## How to complete this task
Within the records below, find the line with "The mirror's sleek" and the line with "Đoàn khảo sát", then reproduce exactly those two lines and all lines between them, without any picture.

## Data section
[Start of section]

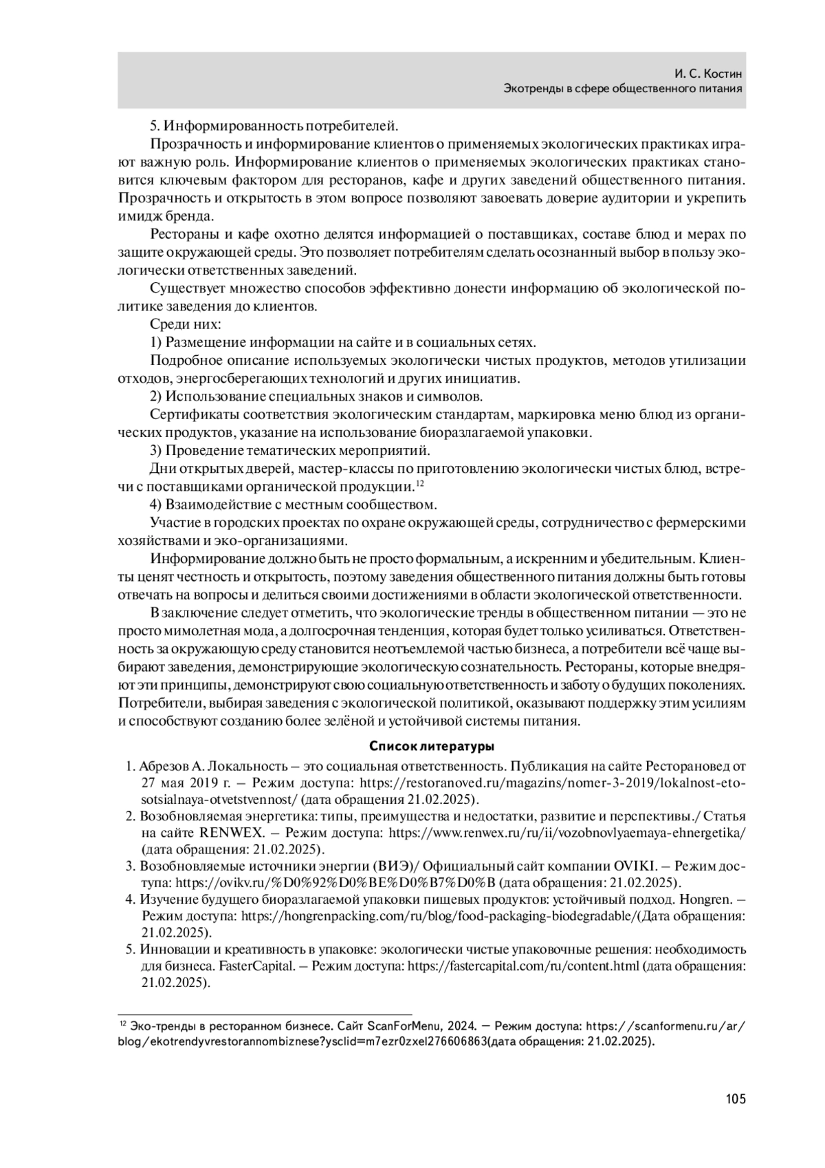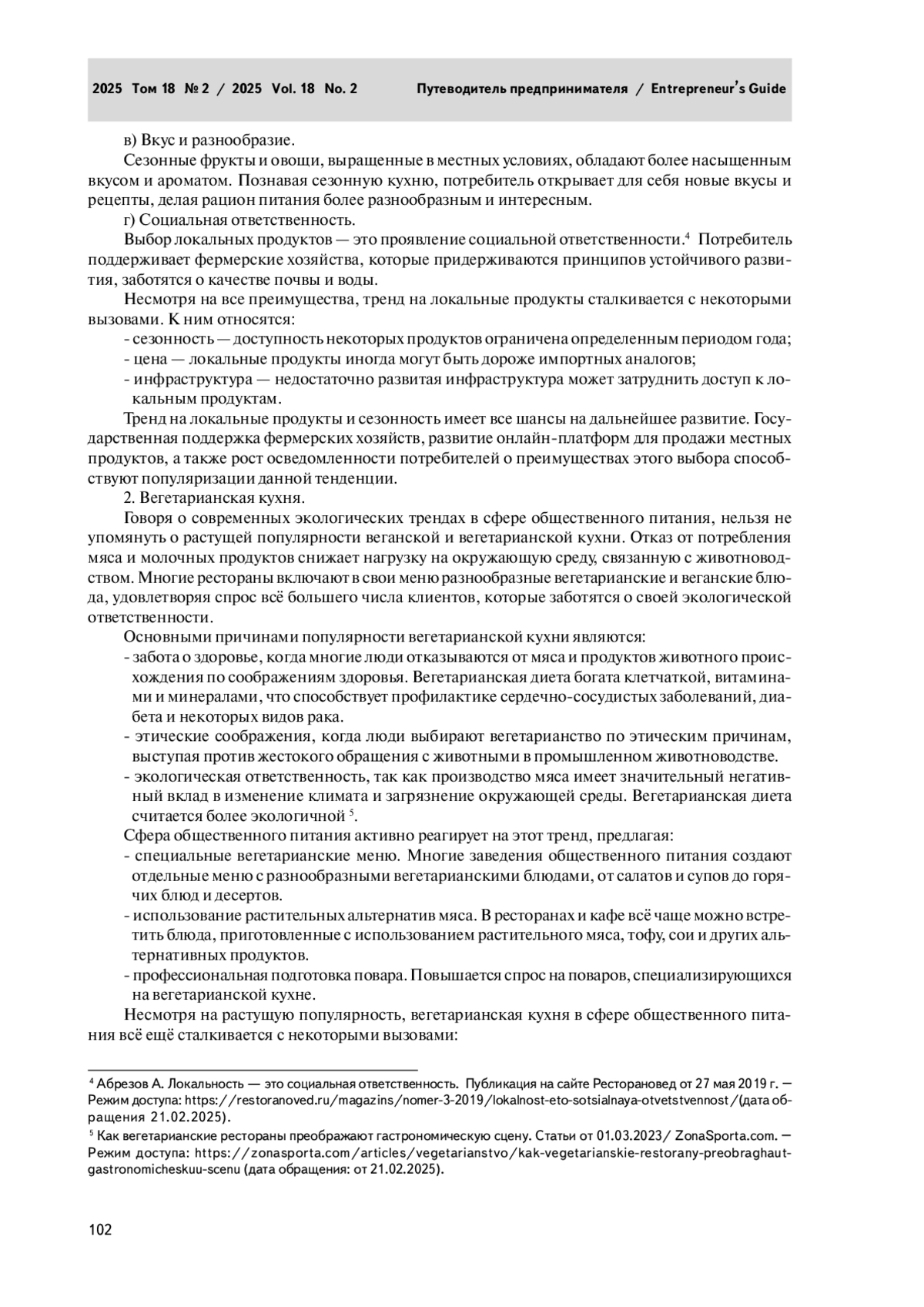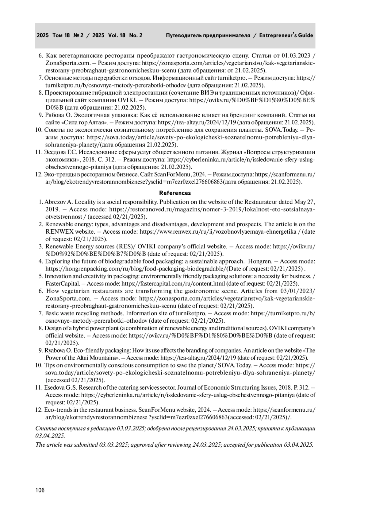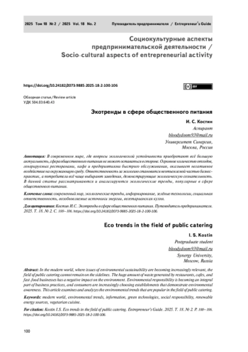 КОСТИН И. С. ЭКОТРЕНДЫ В СФЕРЕ ОБЩЕСТВЕННОГО ПИТАНИЯ // РОССИЙСКАЯ АКАДЕМИЯ ПРЕДПРИНИМАТЕЛЬСТВА. 2025. Т. 18, № 2
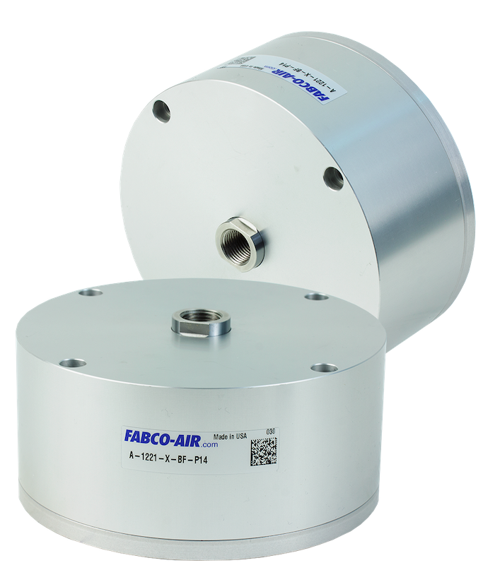 Pancake air cylinders are available in eight bore sizes from one-half to four inches and stroke lengths to four inches, providing excellent stroke and rod support in a small height package. The cylinder line offers pressure ratings to 250 psi pneumatic and 500 psi hydraulic service. Select from a wide range of options including a magnetic piston for cylinder position sensing or a non-rotating unit with internal pins to ensure proper rod orientation. Custom designs are also available. Each Pancake air cylinder comes pre-lubed with Magnalube-G® — a Teflon™ impregnated grease that resists corrosive moisture, water and oil separation.
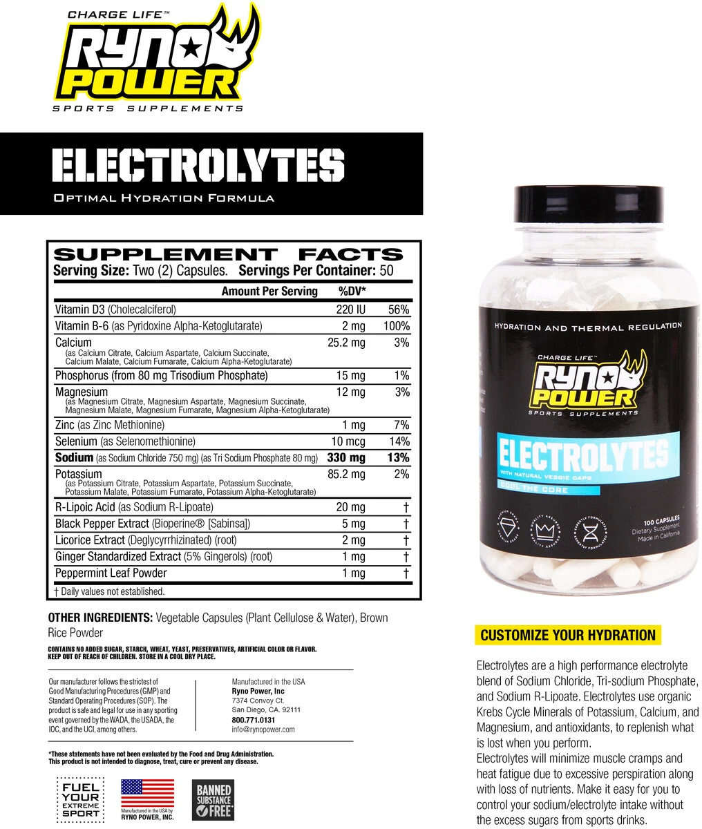 Our Electrolytes are a high-performance electrolyte blend of Sodium Chloride, Tri-Sodium Phosphate, and Sodium R-Lipoate. Electrolytes use Potassium, Calcium, Magnesium, and antioxidants to replenish what is used when you exercise.
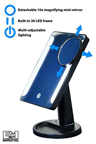 The mirror's sleek design masks its smart utility as both a stand-mounted cosmetic mirror for your desk or a detachable 10x magnification mini-mirror to carry in your pocket.BEST RESULTS:
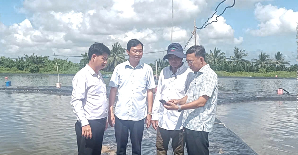 Đoàn khảo sát nuôi tôm nước lợ ngành nông nghiệp và môi trường TP Cần Thơ đến khảo sát mô hình nuôi tôm nước lợ của hộ dân tại xã Lai Hòa, TP Cần Thơ.
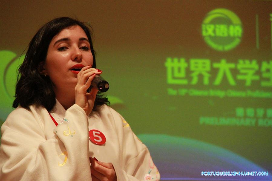 Inês Rosa Locerenco, uma estudante da Universidade de Coimbra, compartilha sua história de aprendizagem do chinês durante a Competi??o de Proficiência Chinesa "Ponte Chinesa" em Braga, Portugal, em 4 de maio de 2019. A 18a Competi??o Competi??o de Proficiência Chinesa "Ponte Chinesa" para estudantes universitários portugueses foi realizada na Universidade do Minho, em Braga, no sábado. (Xinhua/Wen Xinnian)
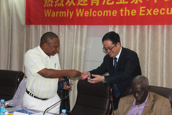 總經理徐洪良與肯尼亞茶葉公司董事秘書約翰互換名片
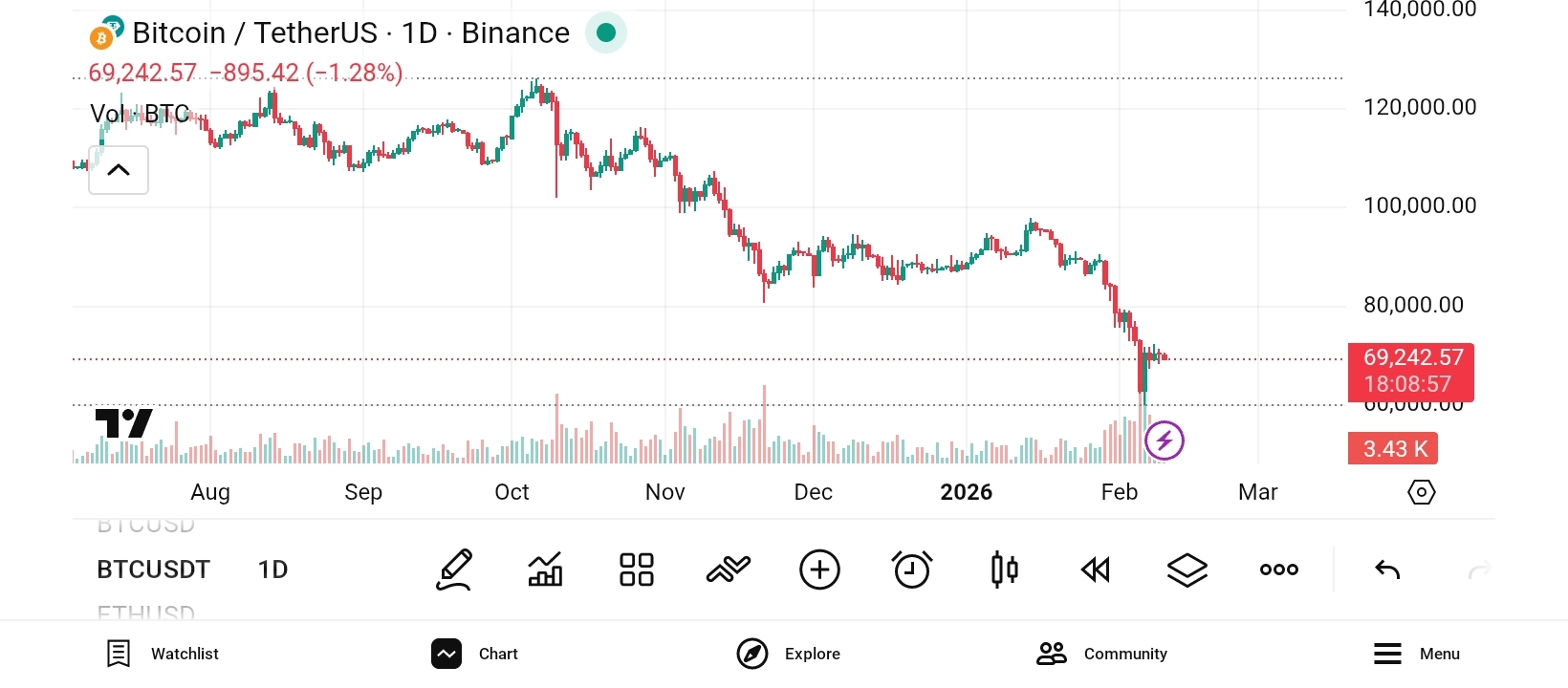 On the 1‑day time frame, the move from about 97,000 in early January to the low‑70,000s in February looks like a sharp but normal correction after a strong run. Candles over the last several days show price trying to stabilize rather than continuing straight down, which often marks the early stages of a new base.
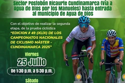 La Alcaldía de #Ricaurte informa a toda la comunidad que, con motivo de la realización de los Campeonatos Nacionales de Ciclismo Máster Cundinamarca, se realizará cierre total de vía en el sector comprendido entre las veredas Manuel Sur y Manuel Norte, hasta la entrada del municipio de Agua de Dios.
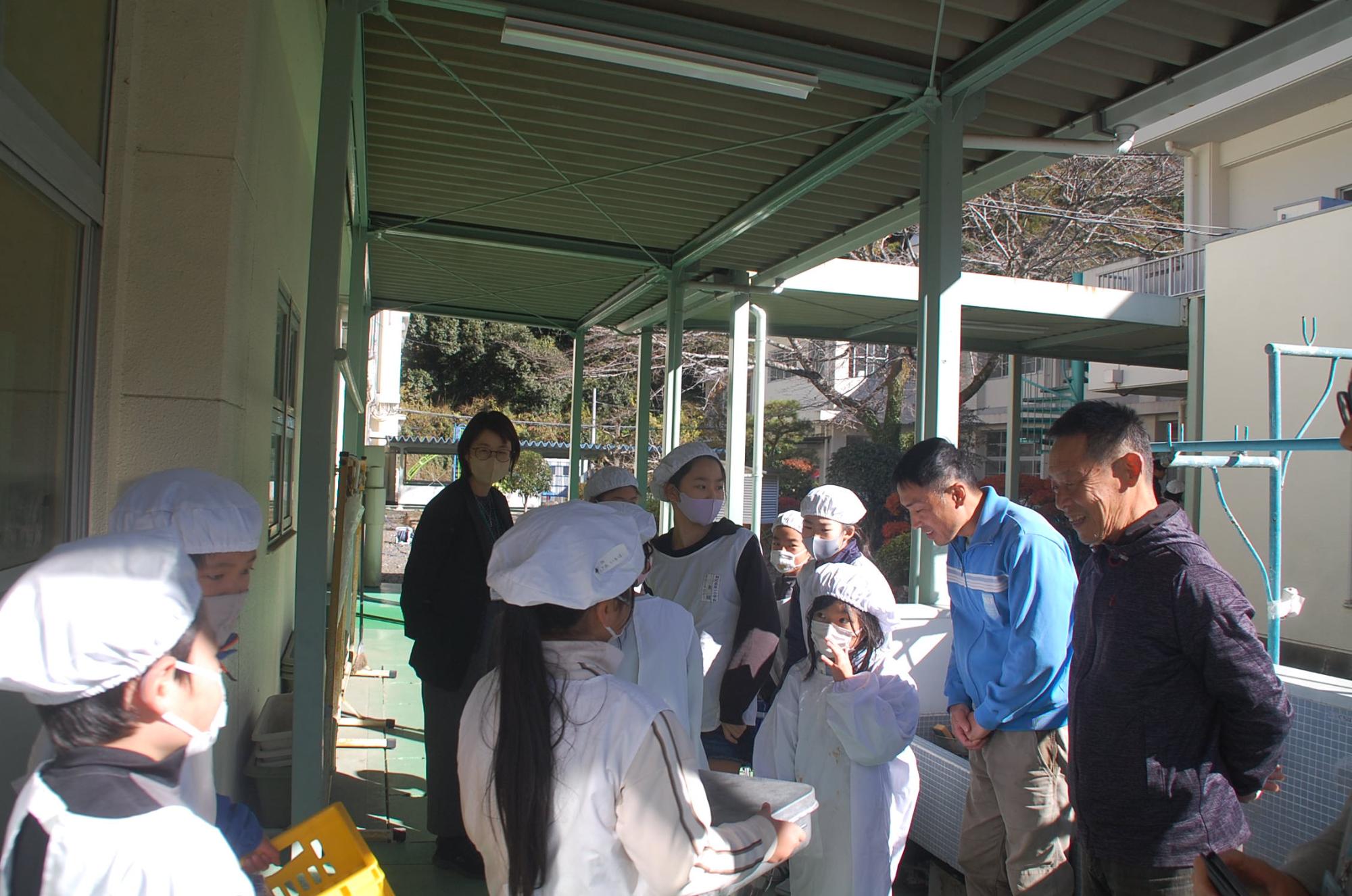 有機農産物の提供に伴い、令和7年12月4日に、藤枝市オーガニックシティ推進協議会の松下会長、三木コーディネーター、有機米生産者の山口さんの3名が、朝比奈第一小学校を訪問しました。
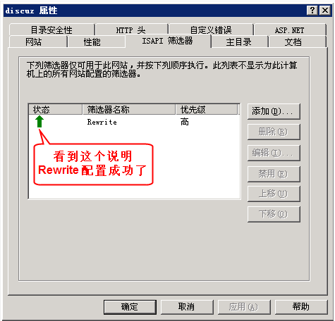 9、重启IIS后,再次选择站点,右键,属性,看到如下所示向上的绿箭头,说明 IIS Rewrite 成功添加并运行。
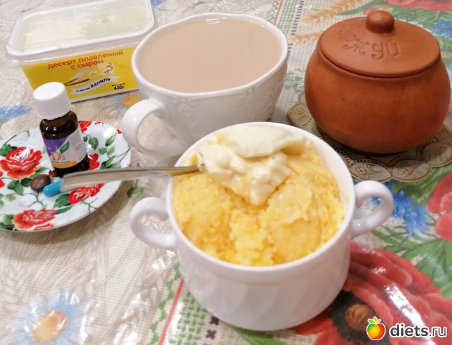 Привет девченки!!! Сегодня завтрак другой))) вчера Алексашка сварила вечером кукурузную кашу, люблю её с таким вот сладким сыром. Редко но бывает.
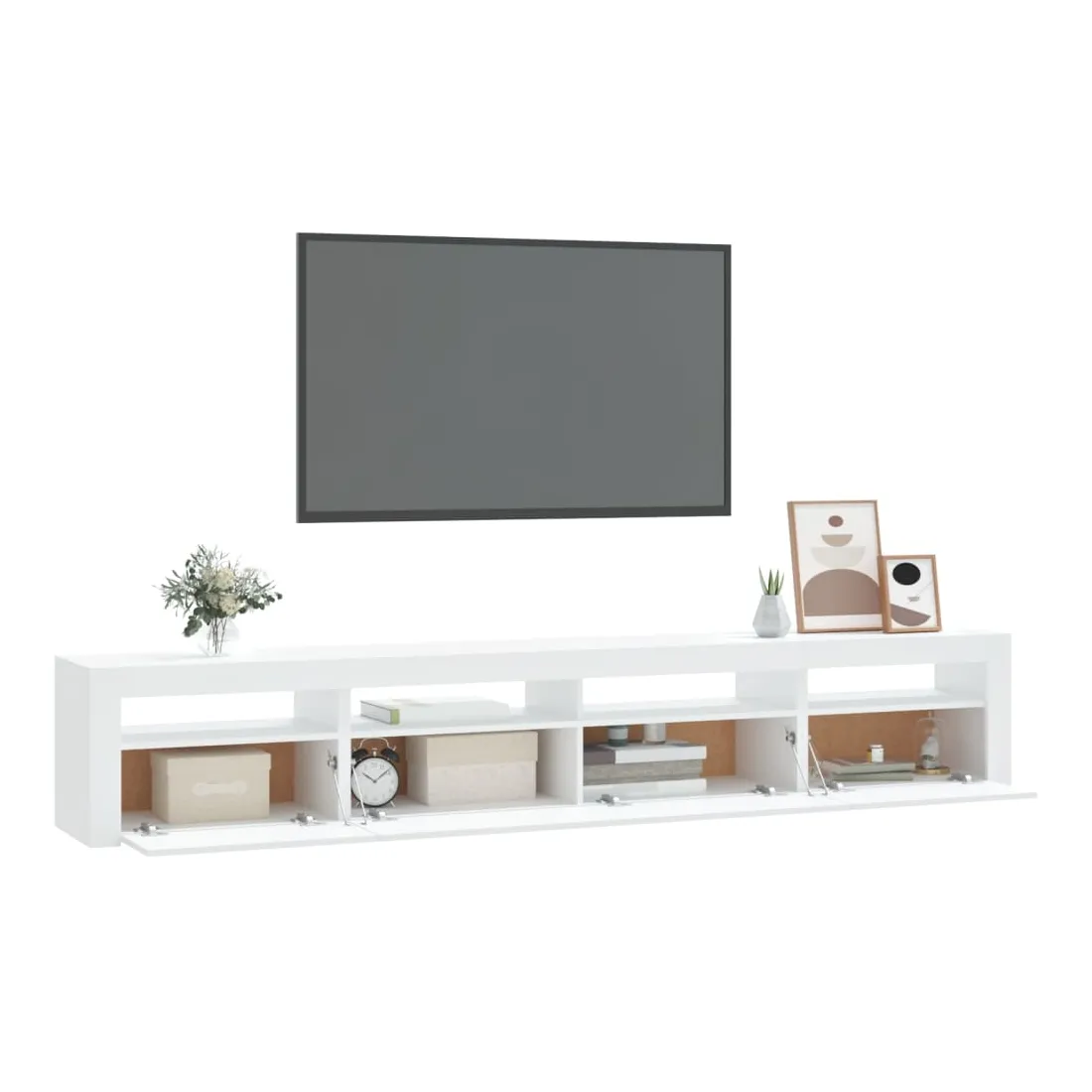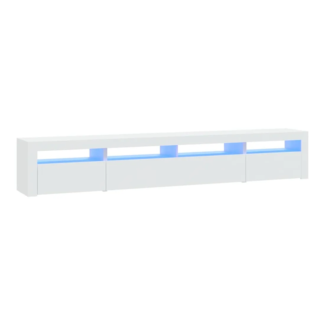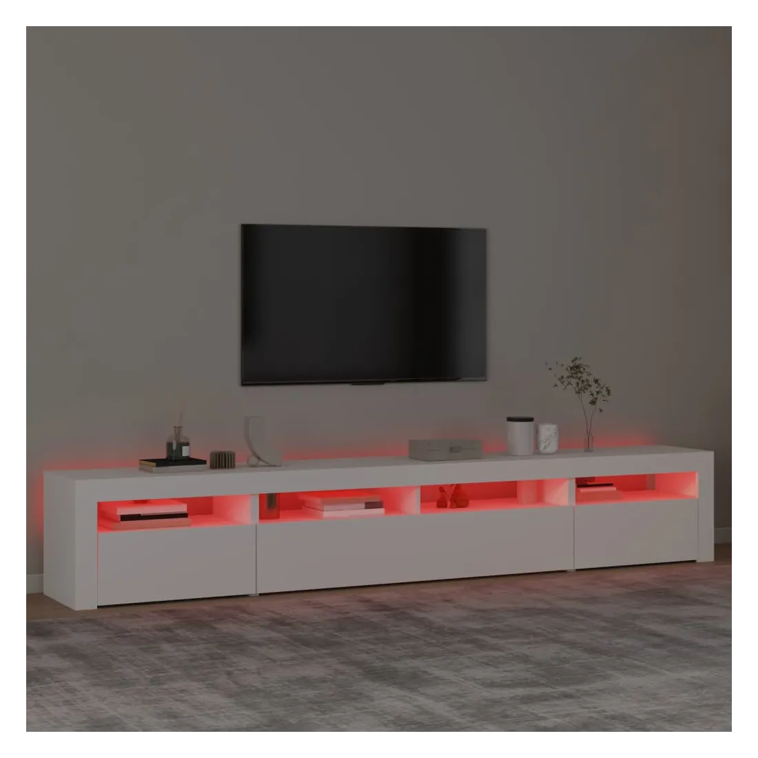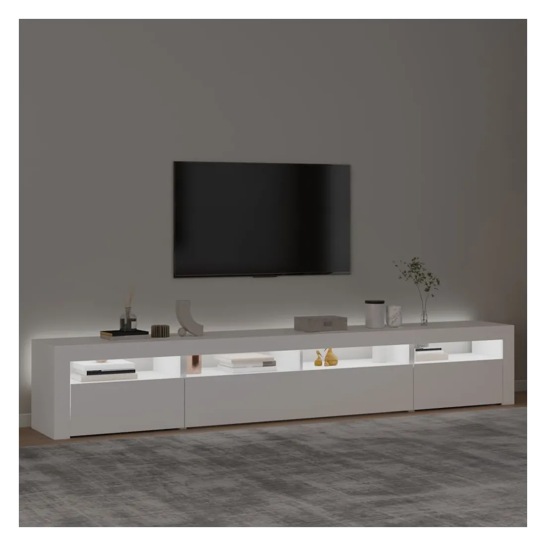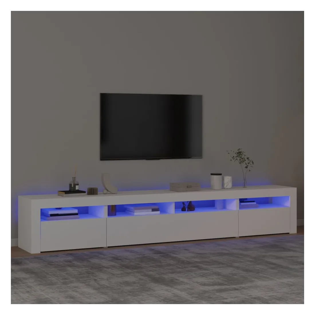 Avec un design à la fois tendance et pratique, ce meuble TV avec éclairage LED deviendra certainement un point central de votre pièce. Matériau pratique : le bois d'ingénierie est d'une qualité exceptionnelle avec une surface lisse et présente également résistance, stabilité et résistance à l'humidité.Lumières LED colorées : le meuble TV est doté de lumières LED RVB, qui ont différents menus pour changer la couleur des lumières et laisser la couleur s'ajuster automatiquement. Les lumières LED soulignent l'aspect moderne et contribuent à la sensation de tendance.Grand espace de rangement : le meuble TV offre un grand espace de rangement pour garder vos magazines, livres, télécommandes et autres petits objets bien organisés et à portée de main.Fonction d'affichage : le dessus robuste du meuble média est idéal pour exposer des objets décoratifs, des cadres photo et des plantes en pot. Remarque :Ce produit est doté d'un connecteur USB, mais la source d'alimentation certifiée de USB 5V n'est pas incluse.Chaque produit est livré avec un manuel de montage dans la boîte pour un montage facile.
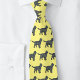 Espelhador Espanhol, silhueta de cão amarelo, azul e preto, linhas de abstrato em uma gravata amarela. A forma repetida de cão faz um presente de amante de cão excelente para qualquer pai de cão.

[End of section]

## Output
 The mirror's sleek design masks its smart utility as both a stand-mounted cosmetic mirror for your desk or a detachable 10x magnification mini-mirror to carry in your pocket.BEST RESULTS:
 Đoàn khảo sát nuôi tôm nước lợ ngành nông nghiệp và môi trường TP Cần Thơ đến khảo sát mô hình nuôi tôm nước lợ của hộ dân tại xã Lai Hòa, TP Cần Thơ.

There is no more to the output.